Ironstone Vineyards is a winery that is noted for the production of several U.S. wine brands, including Obsession Wines, Leaping Horse Vineyards, Christine Andrew, Stone Valley, and Drifting. As of 2004, Ironstone has been listed as the 17th-largest winery (in terms of cases sold) in the United States. Ironstone also sells significant amounts of wine in international markets including the United Kingdom, Canada, and 40 other countries.

==Lodi Grape Growers==
In addition to vineyards in the Sierra Foothills, Ironstone draws on the production from its Lodi appellation vineyards—some 7000 acre in all. John and Gail Kautz, founders of Ironstone, were the first to plant Chardonnay and other grape varieties in the Lodi area. The Kautz family grows numerous varieties including Cabernet Franc, Symphony, Cabernet Sauvignon, and Merlot. Ironstone Vineyards is a family-run business where apart from the husband-wife duo, John and Gail Kautz, their sons Kurt Kautz is the chief financial officer and Jack Kautz is the director.

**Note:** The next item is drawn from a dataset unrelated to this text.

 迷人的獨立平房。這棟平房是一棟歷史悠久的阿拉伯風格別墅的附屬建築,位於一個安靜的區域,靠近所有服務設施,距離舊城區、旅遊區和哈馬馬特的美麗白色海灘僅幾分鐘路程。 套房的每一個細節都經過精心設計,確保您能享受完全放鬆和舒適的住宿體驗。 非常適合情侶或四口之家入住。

The family's Bear Creek Winery, founded in 1934, is listed as having 8.2 million gallons of capacity, making it the 24th largest winery in the U.S. Recent capacity expansions have increased this to an estimated 12 million gallons, making it around the 20th largest winery in the U.S. Jack Kautz, who is also the founder of CrossFit Lodi, is a partner at Bear Creek Winery and is responsible for marketing the family's wines throughout the United States.

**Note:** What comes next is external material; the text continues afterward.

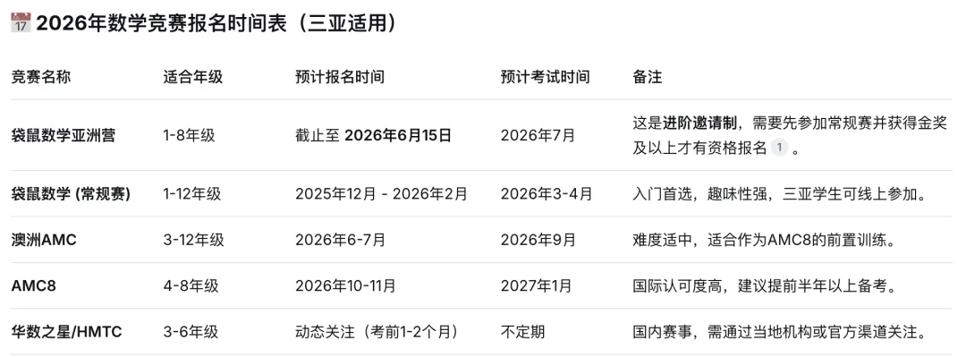 全国性奥赛停办后,三亚孩子能参加的数学赛事主要有这几类:

In 2015, Jack appealed to the Calaveras County Planning Commission to block the construction of the Verizon tower, a mile from the winery. In the same year, Ironstone Vineyards owners, John and Jack Kautz, donated $25,000 to The Murphys Fire Protection Service.

==Visitors' center and amphitheater==

The Ironstone facility is located in Calaveras County, just outside Murphys, California. The seven-story building is built in the shape of a gold stamp mill. The largest specimen of crystalline gold in existence is on display in the Jewelry Shoppe. It is a 44 lbs troy (16.4 kg) gold specimen known as Ironstone's Crown Jewel.

Yearly events include the Obsession Weekend, when new wine is released, and a multi-county judged daffodil show held in March, as well as the Coucours d' Elegance car show, a fund-raiser for California youth agriculture programs held in September.

Ironstone puts on annual concerts and in the past has featured acts such as the Russian National Orchestra, Dave Koz, Robert Cray, and Michael McDonald.